Hedging logic converts net directional exposure accumulated through market making or internalisation into a delta-neutral position via index futures or ETFs. The hedge should be updated whenever net delta exceeds a threshold, not on a fixed schedule, because fixed-schedule hedging introduces predictable patterns that sophisticated counterparties can exploit.
The value extraction layer runs alongside the trading strategy layer. It does not generate its own signals. It analyses the fills, identifies patterns in the flow, and feeds that analysis back into the signal and regime layers.
Common operations
Running a backtest:
# Via API
curl -X POST http://localhost:8000/backtest \
-H "Authorization: Bearer $TOKEN" \
-d '{"strategy": "stat_arb", "start": "2022-01-01", "end": "2024-12-31"}'
# Check results
curl http://localhost:8000/backtest/{id} -H "Authorization: Bearer $TOKEN"
Starting the local stack:
docker-compose up -d timescaledb redis kafka
python orchestrator/main.py --env=dev
Running the test suite:
pytest tests/ -v --tb=short
# PIT correctness suite specifically
pytest tests/test_pit.py -v
# Guardian boundary tests
pytest tests/test_guardian.py -v
Triggering the nightly pipeline locally:
python data/ingestor.py --date=today
jupyter nbconvert --to notebook --execute analytics/us-shariah-screener.ipynb
Emergency halt:
# Cancel all pending orders
curl -X DELETE http://localhost:8000/orders/all -H "Authorization: Bearer $TOKEN"
# Check risk state
curl http://localhost:8000/risk/state -H "Authorization: Bearer $TOKEN"
After any emergency halt, do a post-mortem before restarting. Replay the last hour of ticks and fills through the backtest engine and compare the signal values against what the live system produced. If they diverge, find the divergence before the next session begins.
References and further reading
The Avellaneda-Stoikov market making model is the standard starting point for any inventory-aware quoting strategy: Avellaneda, M. and Stoikov, S. (2008), "High-frequency trading in a limit order book", Quantitative Finance, 8(3), 217-224.
For the theoretical foundations of cointegration testing in pairs trading: Engle, R. and Granger, C. (1987), "Co-integration and error correction: representation, estimation, and testing", Econometrica, 55(2), 251-276.

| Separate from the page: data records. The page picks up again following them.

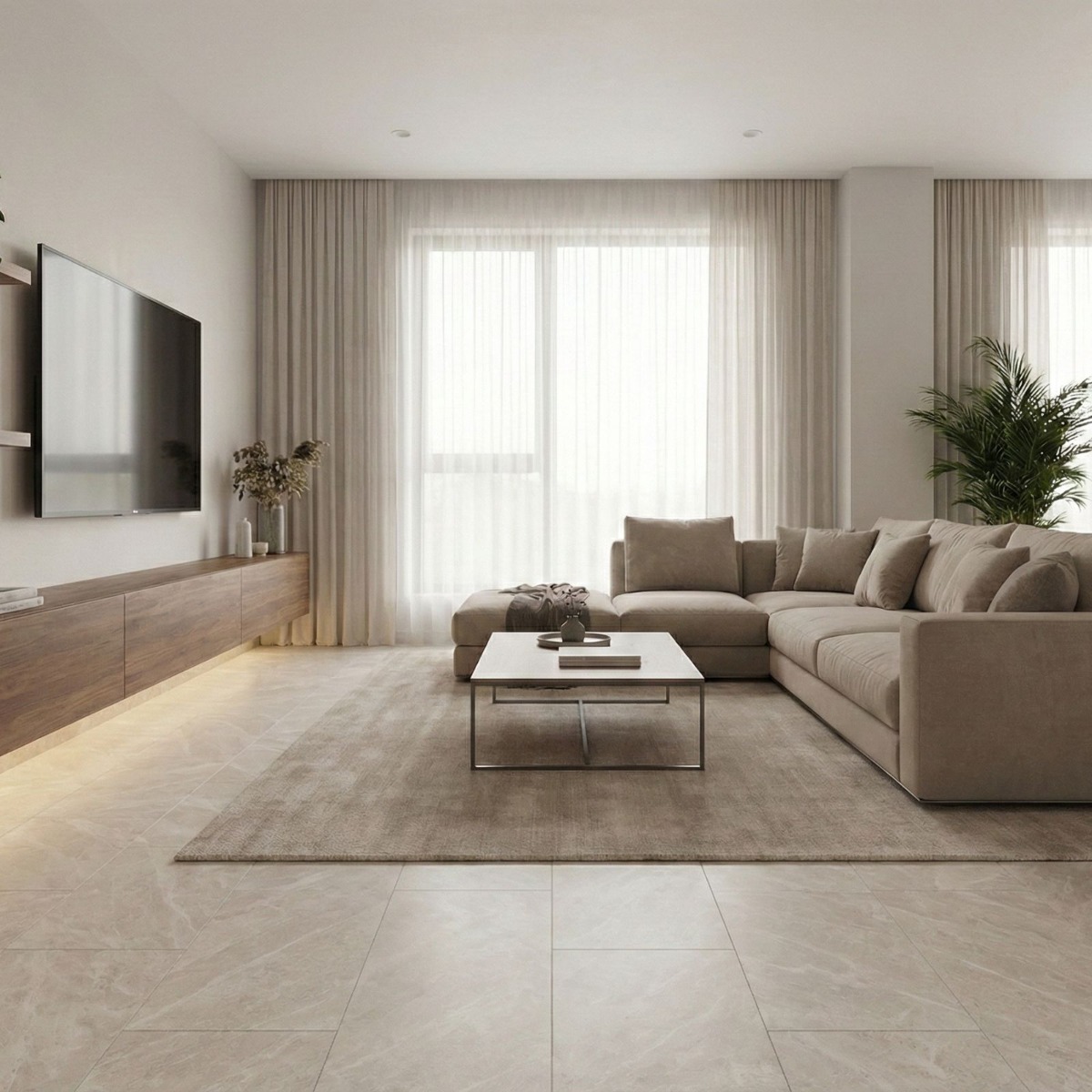 Capitolina Grey Concrete Effect Rectified Matt Porcelain Wall and Floor Tile gives the matt porcelain wall and floor tile a calm architectural feel, borrowing the look of a concrete effect tile without making the room feel cold. Its concrete effect finish keeps the design grounded and contemporary, with grey tones that are easy to layer into modern interiors. The porcelain body gives it the kind of dense, easy-care surface that works well in everyday spaces. Rectified edges also help the finished installation look cleaner and more precise. The matt surface keeps the overall result grounded and easier to style day to day. The proportions of the 300x600mm size make it a useful all-rounder, especially where you want definition but not heavy visual segmentation. Because it works on both walls and floors, it is easy to carry through bathrooms, kitchens and circulation spaces for a more joined-up interior.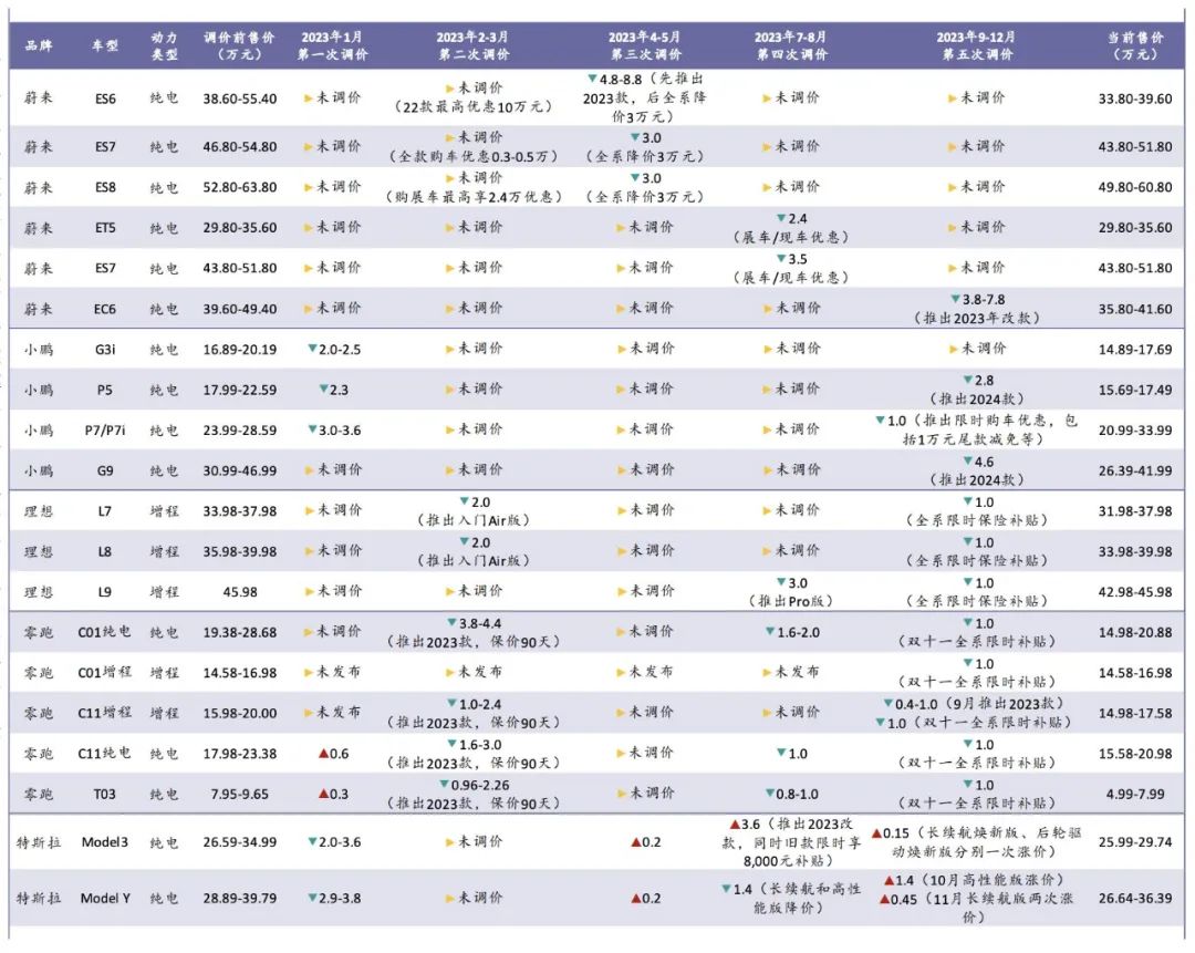 2023年以来主要新能源车企调价情况,图源浦银国际证券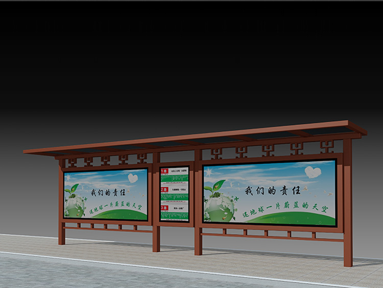 公交車候車亭一般是與公交站牌相配套的,為方便公交乘客候車時遮陽、防雨等,在車站、道路兩旁或綠化帶的港灣式公交停靠站上建設的交通設施。由于城市公交的日益發達,候車亭已發展成為城市一個不可或缺的重要組成部分,設計精美的候車亭也成為了城市一道美麗的風景。 一般候車亭棚體主要頂棚、立柱、頂弓、廣告燈箱和坐凳組成,也有用隔板來代替廣告燈箱的。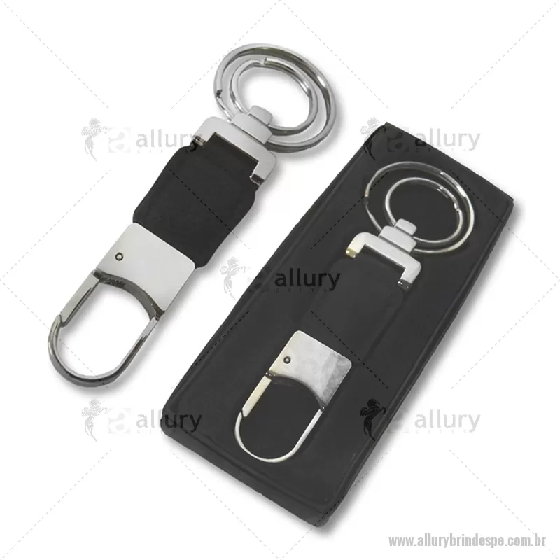 Chaveiro de metal com couro e 2 argolas personalizada - - ALLPECHV010
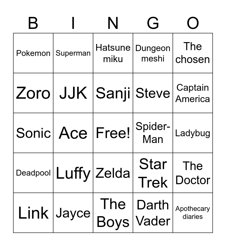 This bingo card has a free space and 24 words: Luffy, Jayce, Sanji, Link, The chosen, Pokemon, Zoro, Superman, Spider-Man, Zelda, Steve, Sonic, Star Trek, The Doctor, JJK, Darth Vader, Ladybug, Hatsune miku, Captain America, Ace, Apothecary diaries, Deadpool, Dungeon meshi and The Boys.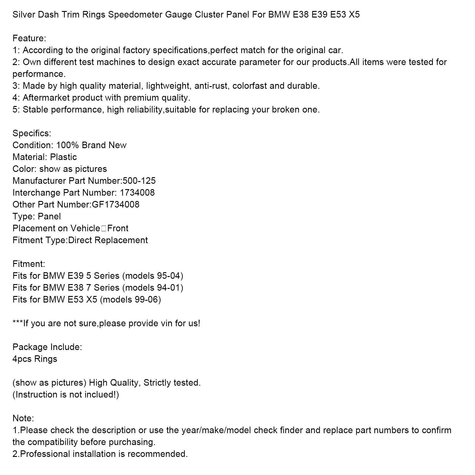 Silver Dash Trim Rings Speedometer Gauge Cluster Panel For BMW E38 E39 E53 X5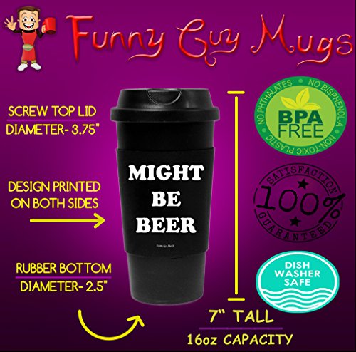Funny Guy Mugs Might Be Beer Travel Tumbler With Removable Insulated Silicone Sleeve, Black, 16-Ounce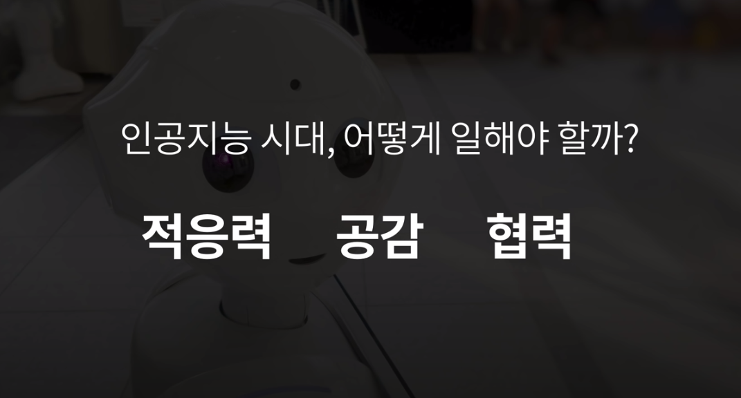 미래는 일하는 방식이 바뀔 겁니다. 과거에는 큰 물고기가 작은 물고기를 잡아먹습니다. 대기업이 작은 기업을, 돈 많은 사람이 돈 적은 사람을. 그렇지만 4차 산업혁명을 살고 있는 우리 시대에는 빠른 물고기가 늘인 물고기를 잡아먹고, 친구 많은 물고기가 친구 없는 물고기를 잡아먹는다고 저는 믿습니다. 그럼 우리가 어떻게 일하고 빠른 변화에 적응할까요? 인공지능은 한 번도 안 본 것은 대응을 할 수가 없어요. 데이터로부터 있는 결과만 학습하고 상상력이 없으니깐요. 그리고 공감을 할 줄 알아야 합니다. 공감능력 핵심은 내가 경험하지 않았지만 상대방의 아픔과 상대방의 기쁨을 공유할 수 있는 그런 감정이죠. 마지막은 협력을 통해 결과물을 만들어 낼 수 있는 능력이 중요할 거라 믿습니다.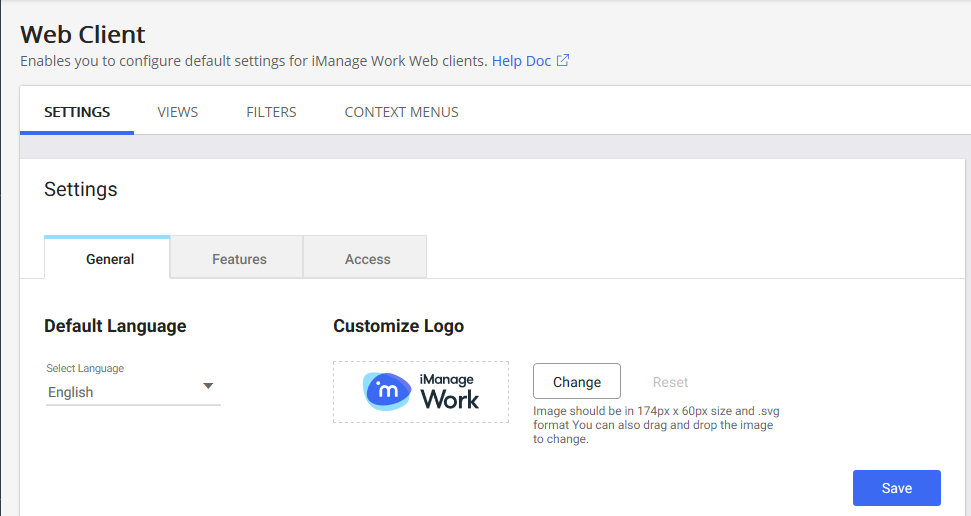 - General: configure general iManage Work 10 Web settings.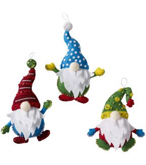 Trim your tree this holiday season with felt ornament sets from Bucilla. This package contains stamped felts, cotton floss, color-separated sequins & beads, needles, and instructions. Design: Christmas Gnomes. Finished Size: six 5x6.5 inch ornaments. Made in the USA.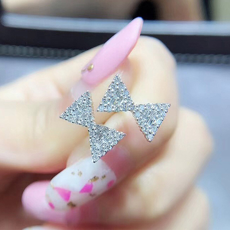 Brincos de coração de zircónia de alta qualidade, brincos de nicho com laço para mulheres, brincos modernos de novo estilo 2022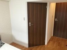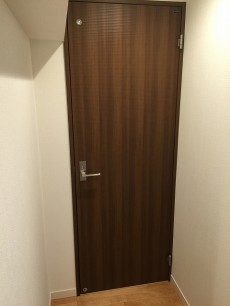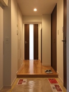廊下右方向。正面の扉の中には電気温水器がはいっています。普段は特に開けることはないでしょう。右側の扉はトイレです。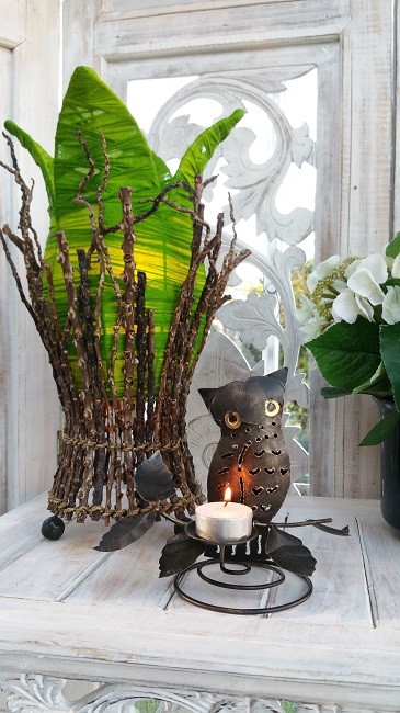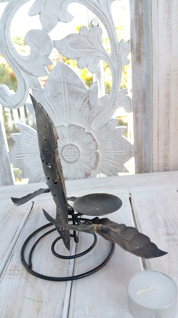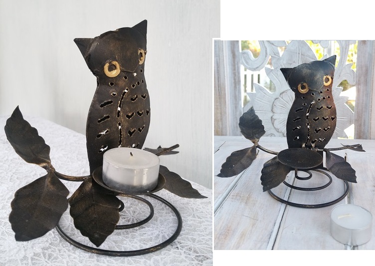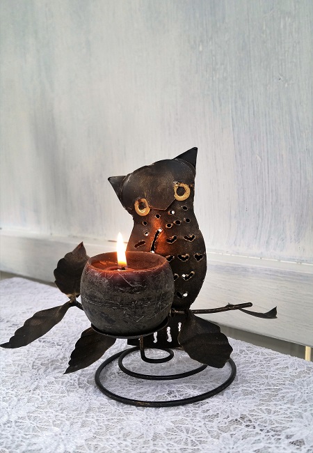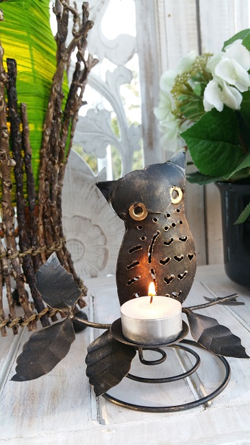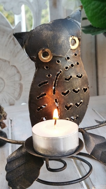 Uggla i metall. Hantverk i smide. Mycket detaljer med bladdekorationer vilka kan variera något från varje handgjort exemplar. I ljushållaren placeras ett ljus framtill som lyser upp Ugglan vackert. Det går att använda olika typ av ljus.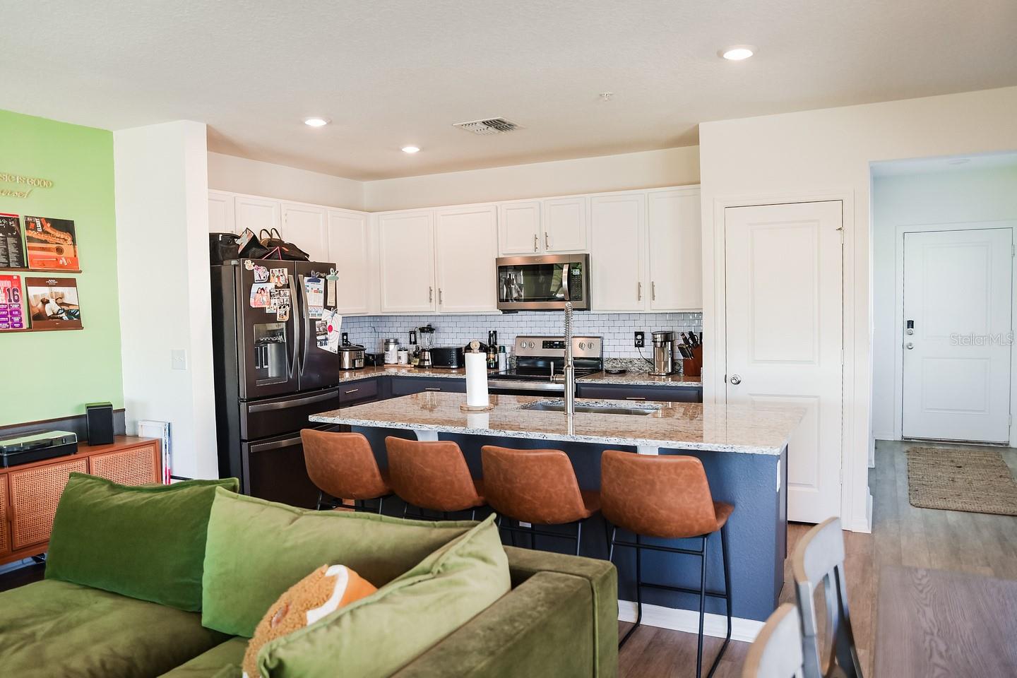 Don’t miss out on this stunning corner-lot townhome in the desirable Landings at Riverbend! Built by KB Homes, this modern residence still feels brand new and is completely move-in ready. Boasting 3 spacious bedrooms, 3 bathrooms, a guest half-bath, and a 1-car extended garage with a private driveway, this home offers both comfort and functionality. The thoughtfully designed layout features all bedrooms and full bathrooms upstairs, providing privacy from the open-concept living and gathering spaces on the main floor. Downstairs, you'll find a stylish guest half-bath, multiple storage closets, including one under the stairs, and an interior laundry area for added convenience. Step out back to enjoy your private fenced yard, complete with a landscaped lawn and an open patio, perfect for relaxing or entertaining. While not a waterfront property, its position on a corner lot which gives added space and a sense of openness. This home includes elegant builder upgrades such as luxury vinyl plank flooring, granite countertops, stainless steel appliances, and soft-close kitchen cabinetry. Additional owner improvements include upgraded light fixtures, cabinet hardware, and custom landscaping. Enjoy low-maintenance living in a beautifully maintained home that combines style and practicality. Located just a short distance from the community pool and clubhouse, and minutes from historic downtown Sanford, you'll have quick access to restaurants, shopping, and scenic trails. This is the lifestyle you’ve been waiting for!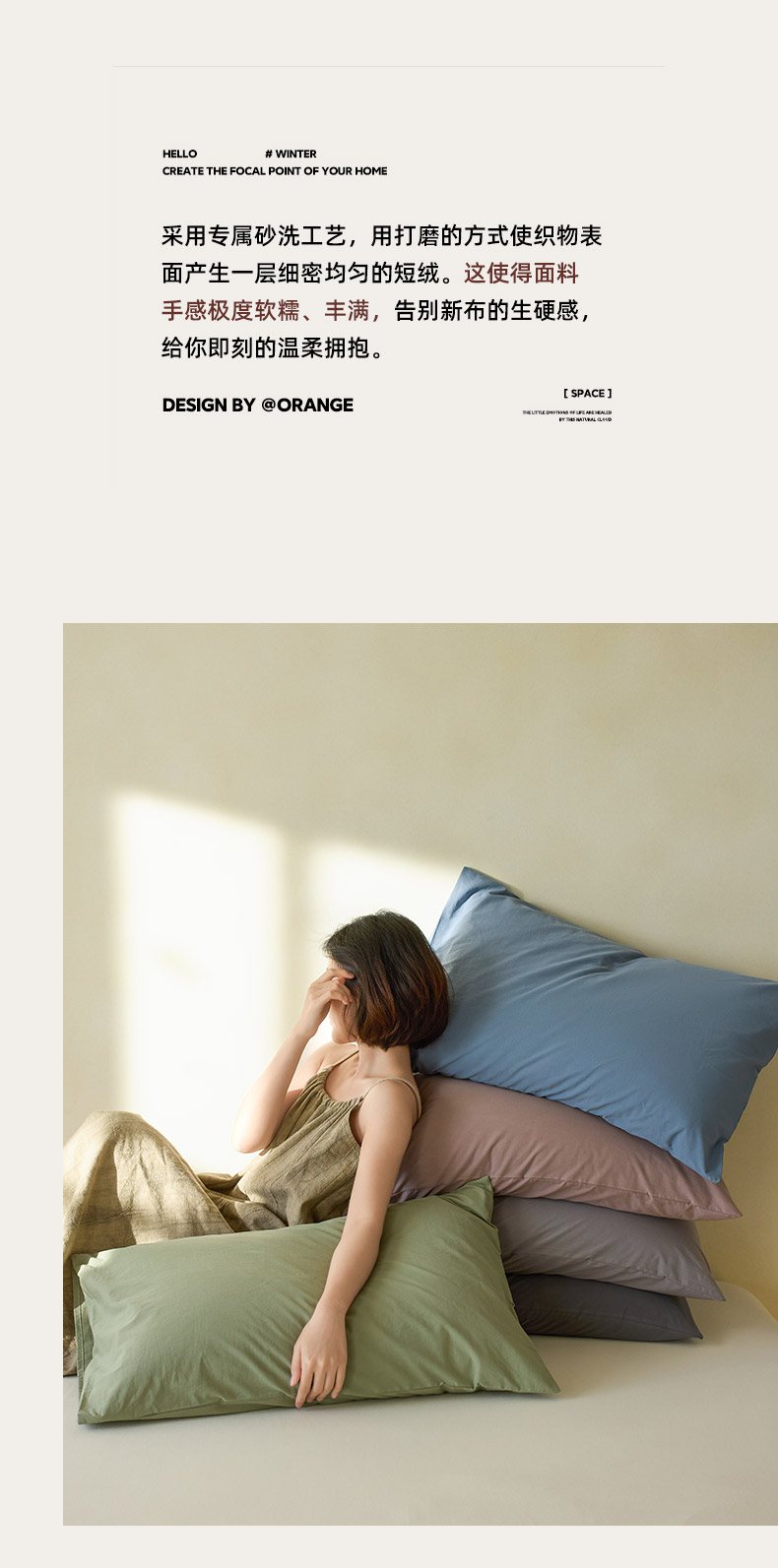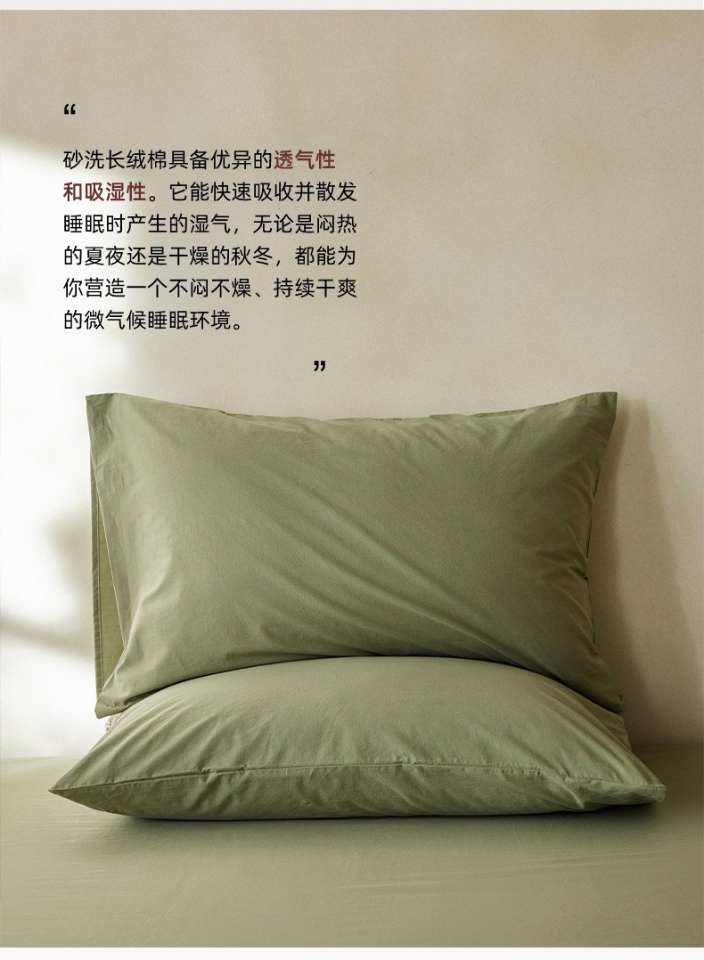 (总)轩和家居 2025新款全棉高支旧感砂洗长绒棉单枕套,组合,薄樱粉,淡黄色,豆沙色,霁兰色,落栗棕,墨染灰,暮烟灰,浅云白,青绿色,秋麦色,松石绿,天空蓝,雾海蓝,细雨灰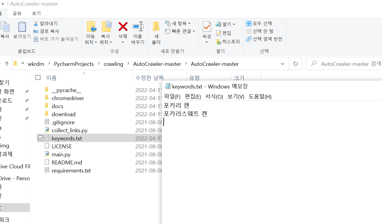 깃 폴더 안에 있는 키워드 파일을 원하는 검색어로 바꿔준다

The VPIN metric for order flow toxicity is from: Easley, D., Lopez de Prado, M. and O'Hara, M. (2012), "Flow toxicity and liquidity in a high-frequency world", Review of Financial Studies, 25(5), 1457-1493.
For a practitioner treatment of implementation shortfall and execution quality measurement: Almgren, R. and Chriss, N. (2001), "Optimal execution of portfolio transactions", Journal of Risk, 3(2), 5-39.
On the architecture principles behind Quant 2.0 stacks and the cost of training-serving skew in production systems: the broader ML engineering literature, particularly work on feature stores (Feast, Tecton) and the MLOps practices now standard at systematic funds including Man Group and Two Sigma, whose public talks and research notes are the most candid primary sources available on what production quant infrastructure actually looks like.